Dan saya merasa, pada saat begini ini, hidup di tengah kemajuan sains, saya bersetuju untuk mengkaji-ulang jalan sufi yang pernah melahirkan individu-individu besar yang berkualitas universal. Sehingga tak berlebihan, Muhammad Zuhri mengatakan, merekalah yang sebenarnya lebih pantas disebut pionir globalisasi ketimbang filsuf-filsuf modern dari bangsa maju yang gagal menawarkan hakikat diri.

Sebab, para sufi itu lebih tulus dalam menyikapi sesama manusia, tanpa pamrih selain rida Allah Swt. Mereka tak kenal putus asa dalam upaya turut mengembangkan kualitas hidup umat manusia, agar menjadi pribadi penuh arti dengan menemukan jalan pulang, dengan menjaga keselarasan semesta.

Lagian, terang Muhammad Zuhri, metode sufi berbeda dengan tawaran Barat yang konon sebagai modern dan berpikir global itu. Bahwa dalam meng-Allah tidak seperti mencari informasi keilmuan, tetapi dengan menyelami diri. Tidak dengan meneropong obyek di luar, tapi penghayatan pantang bosan sang subyek pencari itu sendiri.

Karena secara fitri, kita, dalam kadar tertentu, sesungguhnya telah terlatih merealisasi fungsi kekhalifahan (jalan tasawuf) di lingkungan kecil. Misal, sikap perlindungan seorang ayah kepada anak, sikap ramah dan manis kepada yang lebih muda, sikap hormat yang muda kepada yang lebih tua, dan seterusnya dan sebagainya.

Jadi, sebetulnya yang dibutuhkan adalah bagaimana sifat-sifat luhur yang sejak dini telah disemaikan Allah itu bisa tumbuh optimal dan menyemesta. Yakni menggarap diri seakurat mungkin. Sehingga, tak perlulah mengadopsi metode dari mana pun, termasuk mengimpor sihir-sihir yang justru meluruhkan harga diri.

Dari buku Lantai-Lantai Kota, Muhammad Zuhri mengatakan, “Binatang saja cemas meninggalkan anak-anaknya di dalam sangkar yang tak aman.

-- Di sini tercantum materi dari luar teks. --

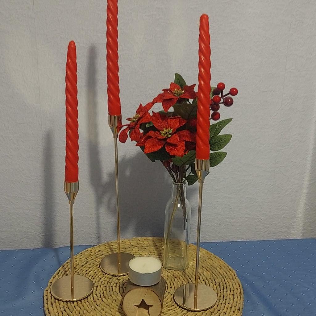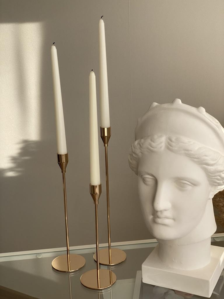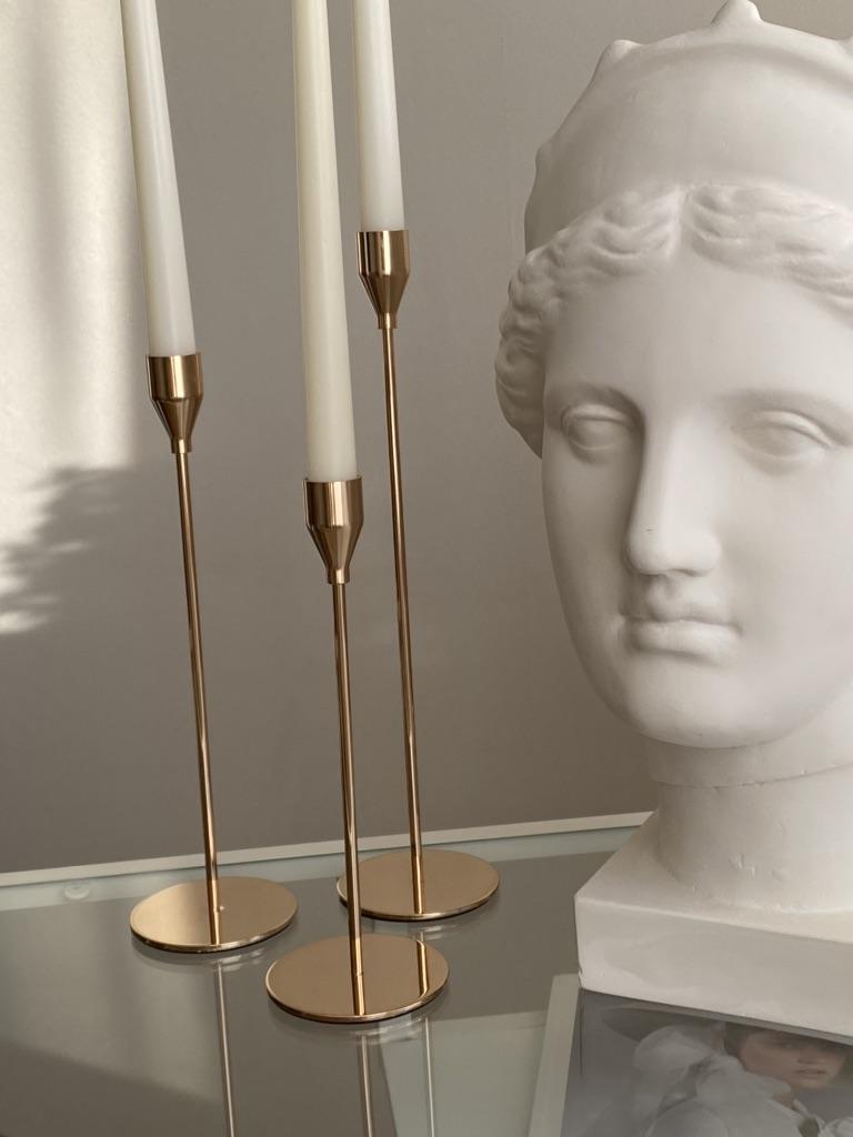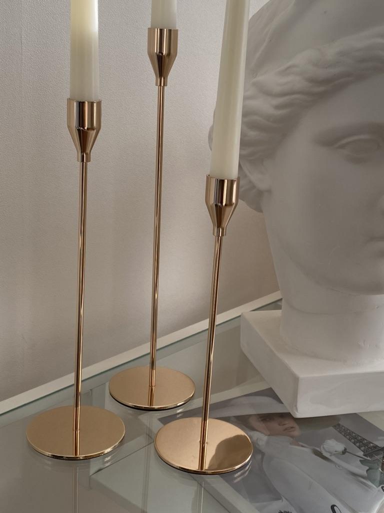 ООО!!! Это стон моей души! ЗОЛОТЫЕ подсвечники! ТРИ! Изящные! Прочные! Тяжёлые. Дно подставки с защитой. Царапин не будет. Нууу! Вот ОЧЕНЬ красивые! Обязательно закажу ещё два таких комплекта в подарок. Меня порадовал Джум! Я принесу радость и живой огонь в дом любимым людям! Спасибо, всем творцам и продавцам, такой прекрасной троицы!
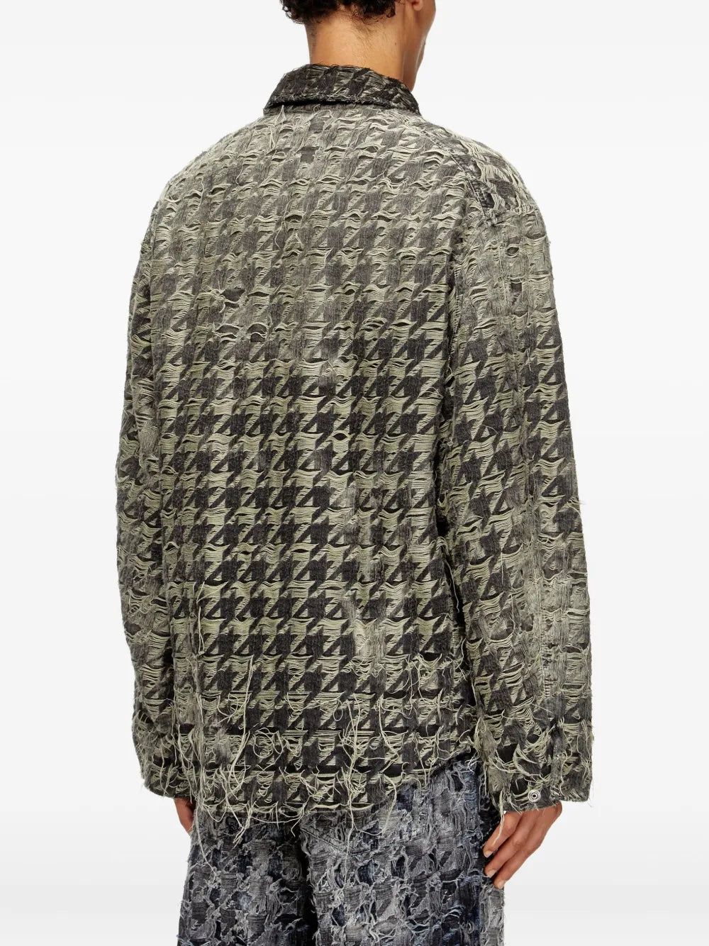 Giacca denim con motivo pied-de-poule Origine: Italia Caratteristiche grigio fantasia pied-de-poule bordi sfilacciati chiusura con zip scollo con colletto maniche lunghe Composizione Esterno: cotone 100% Istruzioni per il lavaggio Leggi le indicazioni del produttore ID A213510CEBJ

Tetapi manusia yang berakal bisa tenang melihat masyarakatnya nyaris terancam bencana.”

Artinya, Muhammad Zuhri menuding kita yang berhenti hanya di ranah dogma, dan tak beranjak untuk memasuki makna terdalam ajaran Ilahi. Puasa misalnya, mesti dilihat sebagai sarana teknis menghayati keadaan Tuhan. Bahwa Tuhan itu tidak makan, tetapi memberi makan. Puasa merupakan sarana menyerap sifat Tuhan. 

Berpuasa semestinya menyadarkan keberadaan kita di tengah semesta alam. Bahwa alam harus terus dijaga dari kepunahan, dengan cara memungut fasilitas alam seminimal mungkin. Karena sesungguhnya fasilitas alam tak selayaknya diperebutkan dengan mengorbankan pihak lain, atau dihambur-hambur demi memanjakan nafsu. Alam mesti dimanfaatkan seefisien mungkin demi kelestarian hidup bersama. Kelestarian bumi.

Muhammad Zuhri menganalogkan berpuasa seperti kisah Musa, dalam pengembaraan hingga di bukit Sinai, yang mesti menanggalkan kedua terompah untuk dapat berdialog dengan Tuhan. Dua terompah “kanan” dan “kiri” adalah simbol dari kedua pijakan manusia: jiwa dan raga. Allah tidak berkenan berkomunikasi dengan hamba-Nya, selama baju eksistensialnya (jiwa dan raga) belum dilepaskan. Allah Ta’ala tak menerima kehadiran seorang hamba selagi keinginan jiwa dan raga masih sedemikian melekat di hati.

Menanggalkan dua terompah, sama artinya memberi kesempatan yang lain untuk menikmati. Kita tidak lagi ingin berebut. Tidak ingin turut mereguk fasilitas alam seenak sendiri. Sebab sadar, sumber daya alam ini kian tipis makin langka. Dan, kita tidak mau kiamat segera datang.

Dengan demikian, tawaran Muhammad Zuhri kepada kita hari ini, sedianya umat Islam tidak tega meninggalkan masyarakat dunia terancam bencana. Artinya, di mana pun saja, kaum muslim mesti menegakkan puasa, yakni menunda datangnya kiamat.

Itulah, betapa keinginan memiliki sesuatu, mestinya berorientasi sebagai kebutuhan untuk menunda datangnya bala, datangnya musibah.